New York Times Review
Music Review | Samantha Crain & the Midnight Shivers
In Brooklyn, a Voice of Shadows and Fog
By JON CARAMANICA
Published: March 30, 2009
None of the jokes were landing for Samantha Crain & the Midnight Shivers on Sunday night at Southpaw, in the Park Slope neighborhood of Brooklyn. Between songs, Ms. Crain or one of her bandmates would make a false start or two and giggle, only to be met by an indifferent audience.
The night before, Ms. Crain said, “we played in a really small college town, so they laughed at everything we said.” Then, as if succumbing to the inevitable, she proclaimed, “This song’s about a preacher who drowns a man that he’s baptizing.” Again, not a single laugh.
That song, “The River,” opened “The Confiscation: A Musical Novella by Samantha Crain,” an EP released on Ramseur last year, and revealed Ms. Crain as a promising young storyteller with fealty to ragged, country-driven indie-pop and an alluring dark streak.
In April the band will release its impressive full-length debut album, “Songs in the Night,” which vividly eclipses the EP. There’s a hushed, humid beauty to the album that may be difficult to recapture live, except in the most desolate and dank spaces.
At Southpaw the group’s half-hour set didn’t always get the best of the chatty crowd at the closing-night party for the 2009 Native American Film & Video Festival. (Ms. Crain is of Choctaw origin.) Still, the group flaunted effortless melodies. “Rising Sun,” which opens “Songs in the Night,” is as elegant a pop song as any this year, and deserves a fate better, if not more profitable, than a placement on an ABC prime-time drama, which is where it may well end up.
“I will give in to the dark clouds,” Ms. Crain whispered, “and I will sing with the fog in my throat.”
When focused, Ms. Crain — with turquoise tights screaming out from between a beige print dress and red cowboy boots — was captivating. Her pleading, slightly distant intonation recalled early-1990s Britpop, an accent atop a voice that traverses the space between Gillian Welch and Regina Spektor. And when Ms. Crain pushes herself, that voice arcs and dips and punches like Siouxsie Sioux’s.
She could have easily overwhelmed a less capable backing band, but the Midnight Shivers — the bass player and harmony vocalist Andrew Tanz, the guitarist Stephen Sebastian and the drummer and occasional harmonica player Jacob Edwards — ably played with texture.

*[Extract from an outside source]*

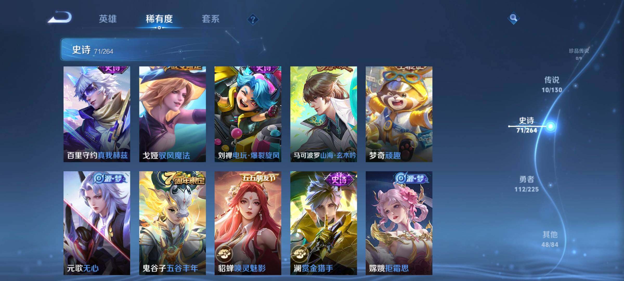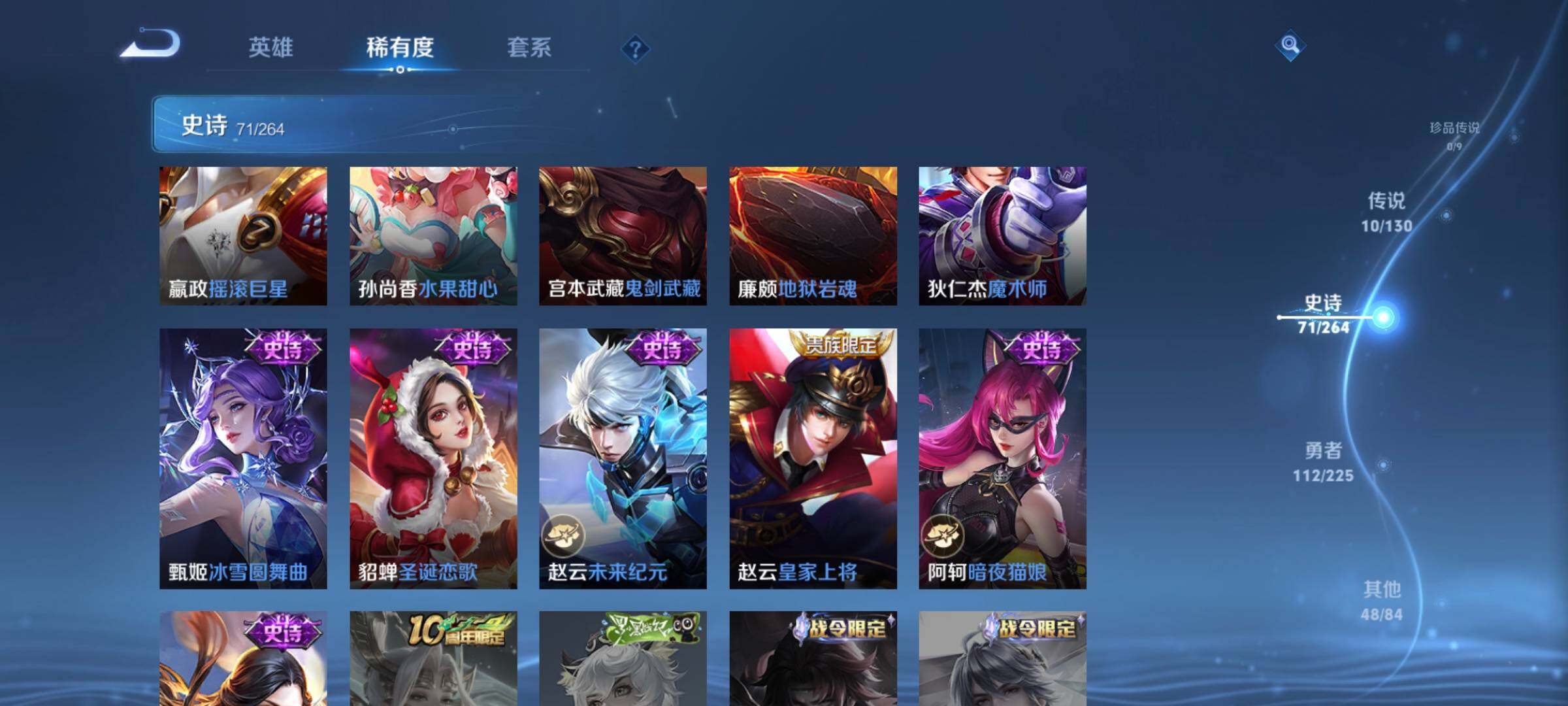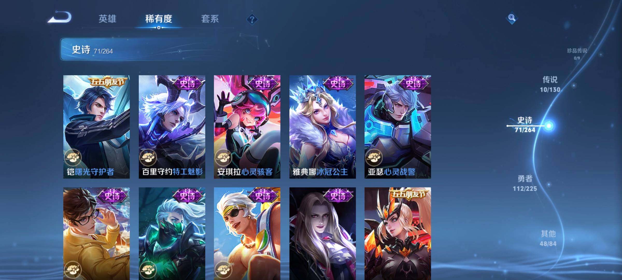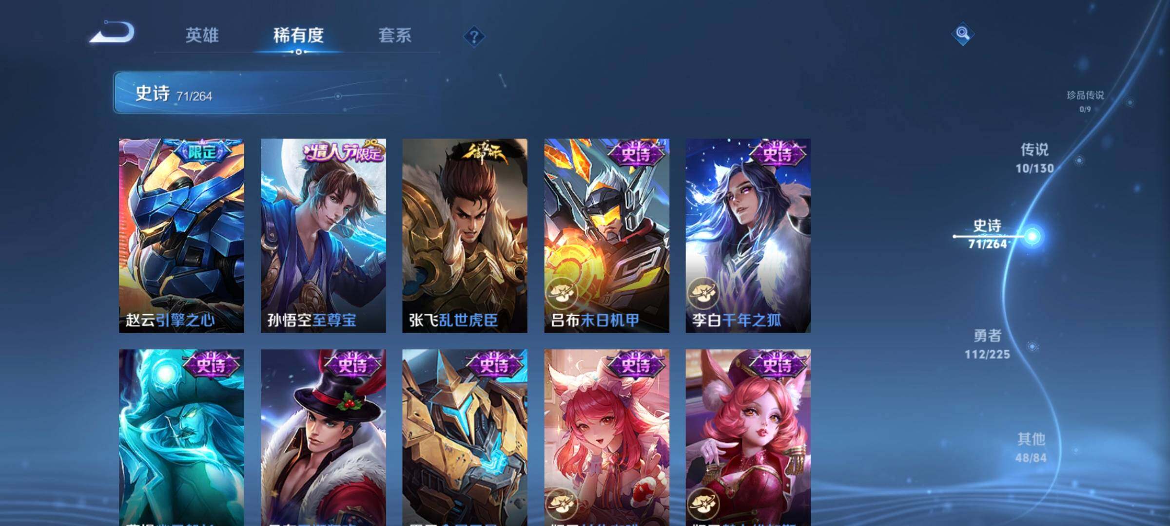 安卓Q-V7-至尊星耀I段位-127英雄-242皮肤-1典藏-0珍品无双-0无双-0珍品传说-10传说-71史诗

On “Rising Sun,” Mr. Sebastian’s guitar rubbed up against Ms. Crain’s clear vocals like sandpaper, and the interplay of Mr. Tanz’s harmonies and Mr. Edwards’s stabbing snares gave “Get the Fever Out” the impression of speeding up, then slowing down, over and over, as Ms. Crain wisely kept it stoic: “Can we see how we need to bury you, bury you?”